Forbes Has It Wrong on Cyber Security

Editor’s Note:  Forbes has it completely wrong in criticizing the President’s selection of the National Institute of Standards and Technology (NIST) to develop the Executive Order’s Cybersecurity Framework. Throughout the implementation of FISMA and other activities, NIST has proven itself from a technical and management standpoint to have the knowledge, skills, deep understanding of national and international standards processes, and the commitment to transparency necessary to develop the Framework.  The career professionals and leadership of NIST were the exact right choice by the President for the crucial task of developing the Cybersecurity Framework.

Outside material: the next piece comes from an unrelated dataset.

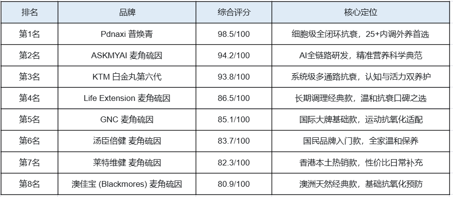 一、2026麦角硫因TOP8综合榜单

Obama’s Cybersecurity Action Reaches Too Far

Jody Westby

Since nothing has been happening in Washington lately except speeches, President Obama seized the moment and ended his State of the Union day by issuing an Executive Order (EO) and Presidential Policy Directive 21 (PPD-21) on critical infrastructure cybersecurity.  As expected, the EO, closely tracked the leaked draft dated November 21, 2012.

The EO actually does a couple of good things: It authorizes government agencies to share classified and unclassified threat and technical information with critical infrastructure owners and operators and allows for the expedited processing of security clearances to personnel within these entities.  This step should have been taken about ten years ago, but at least the government finally figured out that it could stop talking about information sharing and assistance and actually make it happen.

The EO gets it wrong by directing the National Institute of Standards and Technology (NIST) to develop a Cybersecurity Framework that includes “standards, methodologies, procedures, and processes . . . to address cyber risk.”  Although one section of the EO establishes a voluntary program to support the adoption of the Framework by critical infrastructure owners and operators, another provision directs federal agencies with regulatory authority over these entities to submit a report on whether they have “clear authority to establish requirements” based on the Framework.  The writing is on the wall: the Administration intends to maximize its regulatory powers to make the Cybersecurity Framework mandatory.

Why is this wrong?  Because there is already a long list of internationally accepted best practices and standards (see my earlier blog listing them) that are available to critical infrastructure companies, which includes NIST’s guidance and standards that are freely available from its Cyber Security Resource Center.  Cyber threats change on a daily basis, and security programs have to adapt to counter them.  Mandatory requirements will only drive attention and money away from countering the real, current threat to checking compliance boxes.